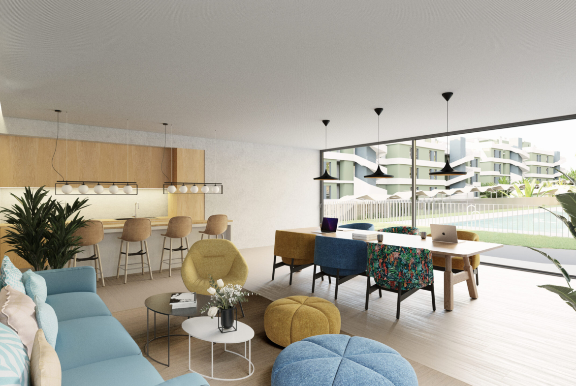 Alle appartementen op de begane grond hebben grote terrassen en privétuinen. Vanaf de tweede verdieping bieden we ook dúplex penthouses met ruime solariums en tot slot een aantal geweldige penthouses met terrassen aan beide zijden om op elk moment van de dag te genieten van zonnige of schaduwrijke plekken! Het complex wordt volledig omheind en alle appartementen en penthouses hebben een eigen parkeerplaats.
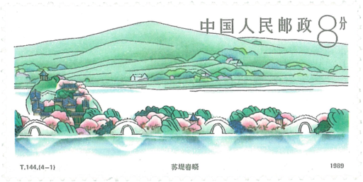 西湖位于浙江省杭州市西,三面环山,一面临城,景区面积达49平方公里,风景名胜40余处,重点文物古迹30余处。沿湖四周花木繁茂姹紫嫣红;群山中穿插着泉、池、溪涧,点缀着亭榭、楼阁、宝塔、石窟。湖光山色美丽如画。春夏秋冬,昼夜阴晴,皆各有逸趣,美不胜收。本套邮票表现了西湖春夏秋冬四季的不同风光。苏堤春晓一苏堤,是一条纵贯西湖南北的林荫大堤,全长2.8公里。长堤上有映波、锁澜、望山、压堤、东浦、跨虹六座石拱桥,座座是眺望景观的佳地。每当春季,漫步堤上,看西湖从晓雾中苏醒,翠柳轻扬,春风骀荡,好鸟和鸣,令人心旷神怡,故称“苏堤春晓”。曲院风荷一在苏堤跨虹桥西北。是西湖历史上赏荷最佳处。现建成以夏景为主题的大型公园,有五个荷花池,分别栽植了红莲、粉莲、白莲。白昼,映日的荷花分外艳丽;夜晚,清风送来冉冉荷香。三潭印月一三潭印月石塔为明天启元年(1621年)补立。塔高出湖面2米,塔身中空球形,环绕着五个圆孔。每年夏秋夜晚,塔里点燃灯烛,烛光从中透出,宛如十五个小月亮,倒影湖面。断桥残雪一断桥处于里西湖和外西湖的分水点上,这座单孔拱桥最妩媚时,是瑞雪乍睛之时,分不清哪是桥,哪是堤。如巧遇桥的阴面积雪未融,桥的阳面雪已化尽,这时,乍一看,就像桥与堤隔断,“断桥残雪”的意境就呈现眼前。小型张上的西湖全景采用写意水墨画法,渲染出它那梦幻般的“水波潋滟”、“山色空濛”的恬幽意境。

______________________________

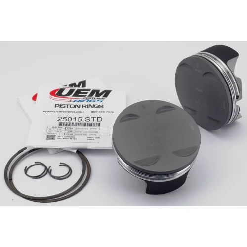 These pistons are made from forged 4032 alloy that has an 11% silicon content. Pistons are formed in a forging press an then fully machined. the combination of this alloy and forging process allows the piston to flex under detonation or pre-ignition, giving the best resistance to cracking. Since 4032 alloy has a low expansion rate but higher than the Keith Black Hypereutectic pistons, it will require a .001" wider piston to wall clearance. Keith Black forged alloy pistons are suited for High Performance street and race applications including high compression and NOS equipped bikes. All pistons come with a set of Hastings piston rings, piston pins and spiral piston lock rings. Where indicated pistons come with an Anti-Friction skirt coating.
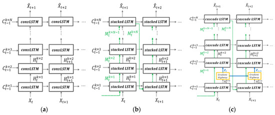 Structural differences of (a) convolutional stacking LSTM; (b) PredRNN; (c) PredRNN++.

______________________________

§ **What to work on**
The lines to set down run from the line with "Alle appartementen op" up to and including the line with "西湖位于浙江省杭州市西,三面" in the entries above. Reproduce them exactly, with no pictures.

§ **Exercise answer**
 Alle appartementen op de begane grond hebben grote terrassen en privétuinen. Vanaf de tweede verdieping bieden we ook dúplex penthouses met ruime solariums en tot slot een aantal geweldige penthouses met terrassen aan beide zijden om op elk moment van de dag te genieten van zonnige of schaduwrijke plekken! Het complex wordt volledig omheind en alle appartementen en penthouses hebben een eigen parkeerplaats.
 西湖位于浙江省杭州市西,三面环山,一面临城,景区面积达49平方公里,风景名胜40余处,重点文物古迹30余处。沿湖四周花木繁茂姹紫嫣红;群山中穿插着泉、池、溪涧,点缀着亭榭、楼阁、宝塔、石窟。湖光山色美丽如画。春夏秋冬,昼夜阴晴,皆各有逸趣,美不胜收。本套邮票表现了西湖春夏秋冬四季的不同风光。苏堤春晓一苏堤,是一条纵贯西湖南北的林荫大堤,全长2.8公里。长堤上有映波、锁澜、望山、压堤、东浦、跨虹六座石拱桥,座座是眺望景观的佳地。每当春季,漫步堤上,看西湖从晓雾中苏醒,翠柳轻扬,春风骀荡,好鸟和鸣,令人心旷神怡,故称“苏堤春晓”。曲院风荷一在苏堤跨虹桥西北。是西湖历史上赏荷最佳处。现建成以夏景为主题的大型公园,有五个荷花池,分别栽植了红莲、粉莲、白莲。白昼,映日的荷花分外艳丽;夜晚,清风送来冉冉荷香。三潭印月一三潭印月石塔为明天启元年(1621年)补立。塔高出湖面2米,塔身中空球形,环绕着五个圆孔。每年夏秋夜晚,塔里点燃灯烛,烛光从中透出,宛如十五个小月亮,倒影湖面。断桥残雪一断桥处于里西湖和外西湖的分水点上,这座单孔拱桥最妩媚时,是瑞雪乍睛之时,分不清哪是桥,哪是堤。如巧遇桥的阴面积雪未融,桥的阳面雪已化尽,这时,乍一看,就像桥与堤隔断,“断桥残雪”的意境就呈现眼前。小型张上的西湖全景采用写意水墨画法,渲染出它那梦幻般的“水波潋滟”、“山色空濛”的恬幽意境。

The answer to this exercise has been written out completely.